We compare their performance on a simple **10,000-sample text dataset**, using two ML models:

- **Logistic Regression**  
- **Multinomial Naive Bayes**

We also explore:

- **N-grams (1 to 3)**  
- **Feature explosion** when using n-gram models  
- **Basic hyperparameter tuning** using GridSearch (C for Logistic Regression, alpha for Naive Bayes)

---

**This assignment helps build foundational understanding of:**
- How text is converted into numerical features  
- How different vectorizers affect model performance  
- Why n-grams increase feature size and risk overfitting  
- How dense embeddings (Word2Vec) differ from sparse, high-dimensional vectors  
- How hyperparameter tuning improves model accuracy  

These concepts are essential for working on real-world projects like **audio transcription, topic segmentation**, and **podcast analysis**, where text processing is a major component.
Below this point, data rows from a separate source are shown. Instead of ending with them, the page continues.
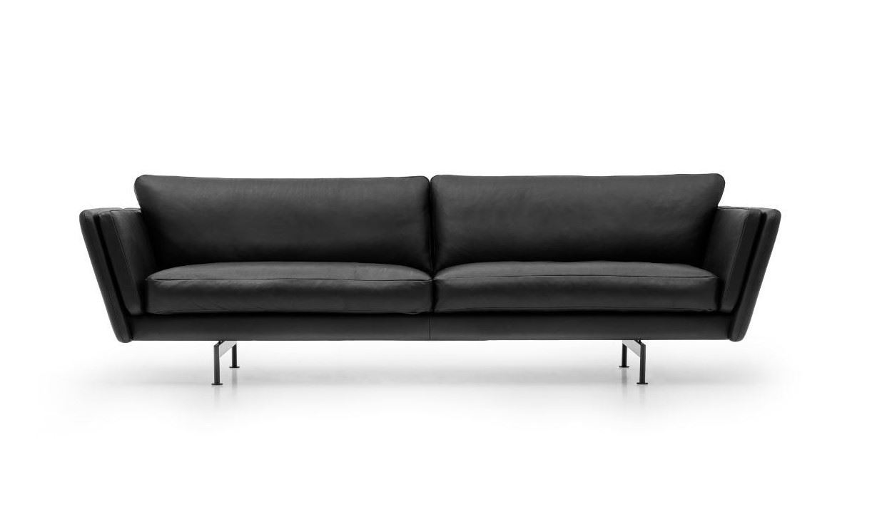 Mogens Hansen MH GRASP L Sofa L: 223 cm - Sort Baltique Luksuslæder/Runde ben i Børstet Stål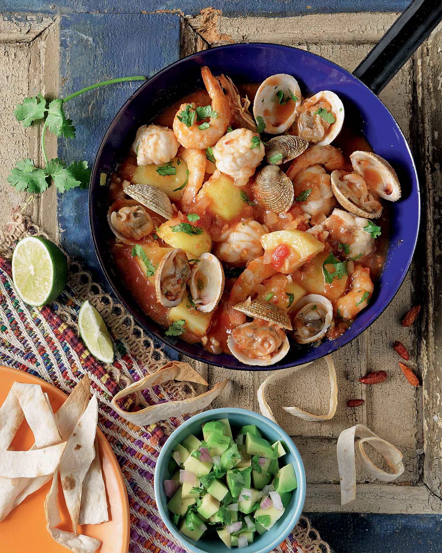 Ψάρι και θαλασσινά με πατάτες, καυτερές πιπεριές και ντομάτα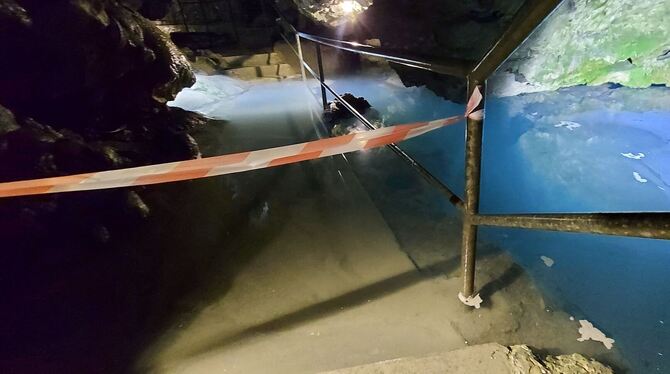 Der See in der Sonnenbühler Nebelhöhle tritt über seine Ufer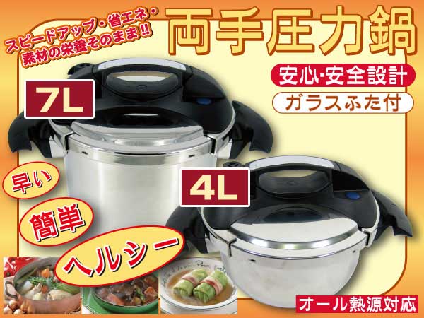 【代引不可/送料無料】-両手圧力鍋2個セット(4L型+7L型) DSJ22-4L+7L 【あったか調理器具大特集】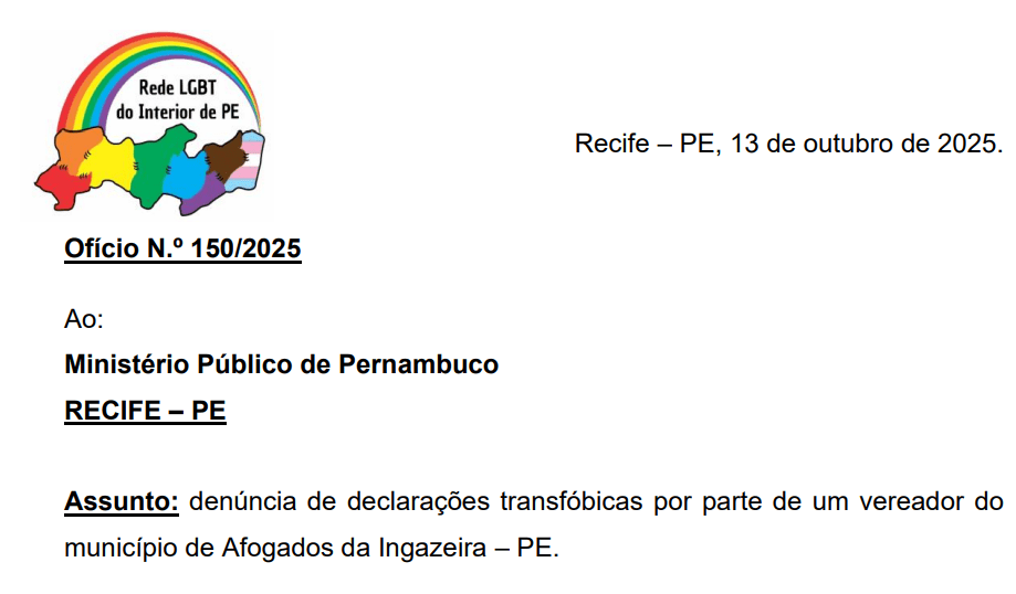 Transexuais e o Fórum LGBT de Pernambuco manifestam total repúdio às declarações transfóbicas do vereador Edson dos Cosméticos, proferidas durante a sessão ordinária da Câmara Municipal de Afogados da Ingazeira (PE), nesta quinta-feira, 9 de outubro de 2025, nas quais o parlamentar, de forma

#***1 — Install Libraries***

In [15]:
!pip install -q kaggle pandas scikit-learn gensim nltk

# ***2 — Download LibriSpeech train-clean-100 from Kaggle***

In [23]:
#!kaggle datasets download -d bacnguyenne/librispeech-train-clean-100 -p /content
import kagglehub

# Download latest version
path = kagglehub.dataset_download("bacnguyenne/librispeech-train-clean-100")

print("Path to dataset files:", path)

Downloading from https://www.kaggle.com/api/v1/datasets/download/bacnguyenne/librispeech-train-clean-100?dataset_version_number=3...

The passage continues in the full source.